Sally burst into tears.  She walked to Tom, hugged him fiercely, covered his face with kisses.  When she stopped for a moment, and looked at him…

“That’s a scar,” she said.  “A scar.  On your head.”  A patch of his close-cropped brown hair bore a streak of white.  Under the white was a jagged, pink seam in the skin of Tom’s temple.

He raised a hand to his head.  “Oh, this?  That’s nothing.  We got strafed by a Zero.  Barely got through my helmet.  Good thing I had it on, huh?  My head’s hard, but not that hard.”

“You could have been killed!”

“There’s a lot of that going around, in case you hadn’t noticed.”

“I’ve hardly had time to notice anything else.”

“You’ve been dealing with the Cape Gloucester mess, then.”

They talked about the action the Chippewa Falls had seen, the capabilities of the Brit admiral commanding TF74, Sally’s duties aboard the Charity, the horrible casualties from New Gloucester.  “Who knows where it will be next,” she said, sadly.

“Well, I hope Admiral Nimitz and General MacArthur know,” Tom pointed out.  “But aside from them?”  He shrugged.  “We’ll go where we’re told to go and do what we’re told to do.”

“And it’s 1500.  I have to go back to the Charity.  And you, my love, need to go back to work.”

“Never seems like long enough, does it?  I’ll walk you to where they strung up that Mickey-Mouse contraption you came over on.  But before we leave here…”  He kissed her thoroughly.  “Would rather do that now, instead of on deck with a bunch of horny sailors catcalling.  You spoiled me with this visit, dear.  It’s going to be hard to go back to work.”

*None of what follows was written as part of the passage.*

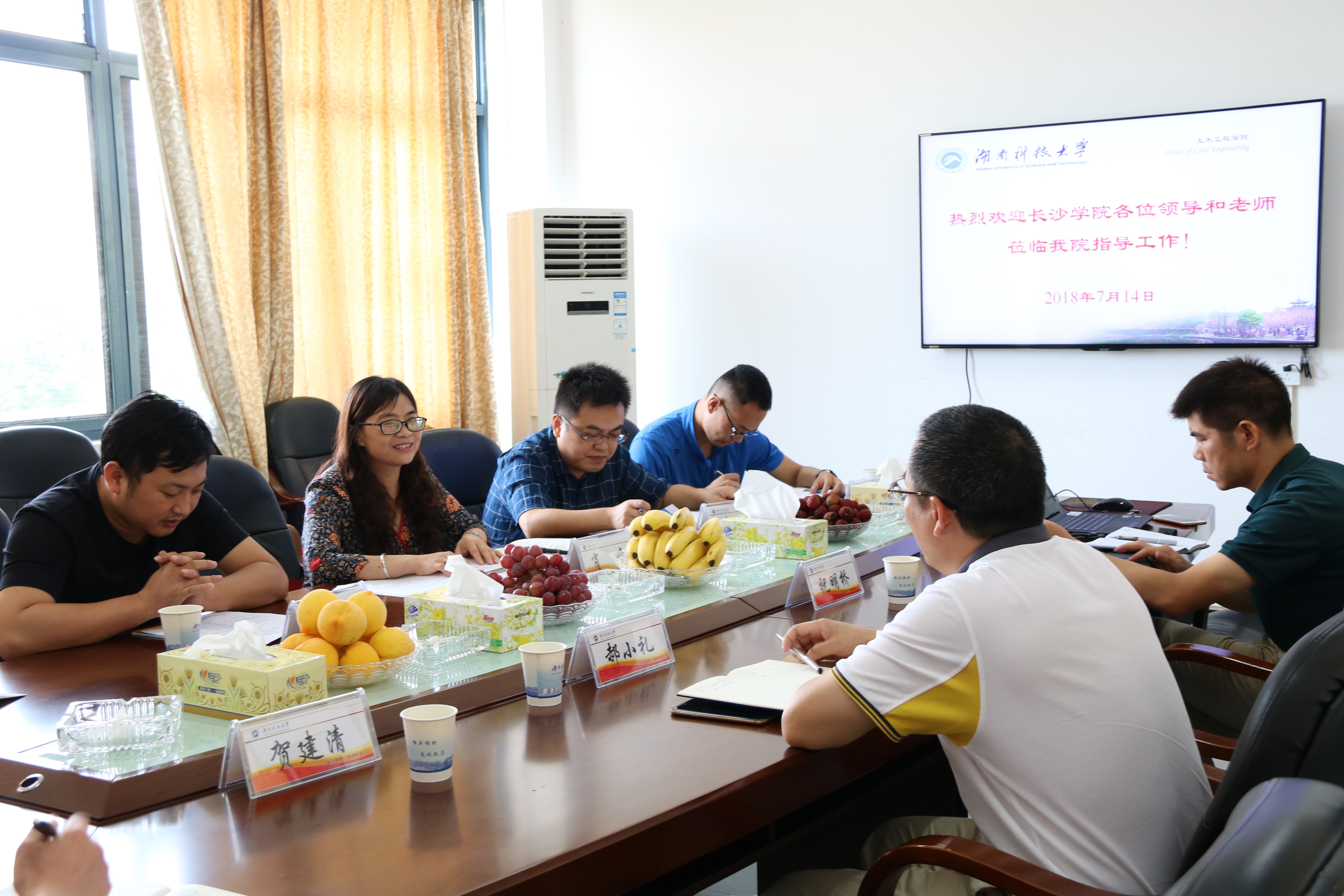 7月14日,长沙学院ok1188诸侯快讯官方肖婧副院长带领教研组一行来诸侯快讯,双方就土木工程专业评估(认证)、人才培养方案、课程体系、实验室建设与管理等方面的工作进行了交流讨论。

Sally smiled.  “You’ll manage.  So will I.  It’s what we have to do.”  She kissed him back.

It wasn’t until she was in the chair, suspended over the roiling water between ships, watching Tom wave, that the loneliness crashed in on her again.  This damn war, she thought bitterly.  When the hell are we ever going to be able to start a normal life?

***

Purple clover Queen Anne lace
Crimson hair across your face
You could make me cry if you don’t know
Can’t remember what I was thinking of
You might be spoiling me too much love
You’re gonna make me lonesome when you go.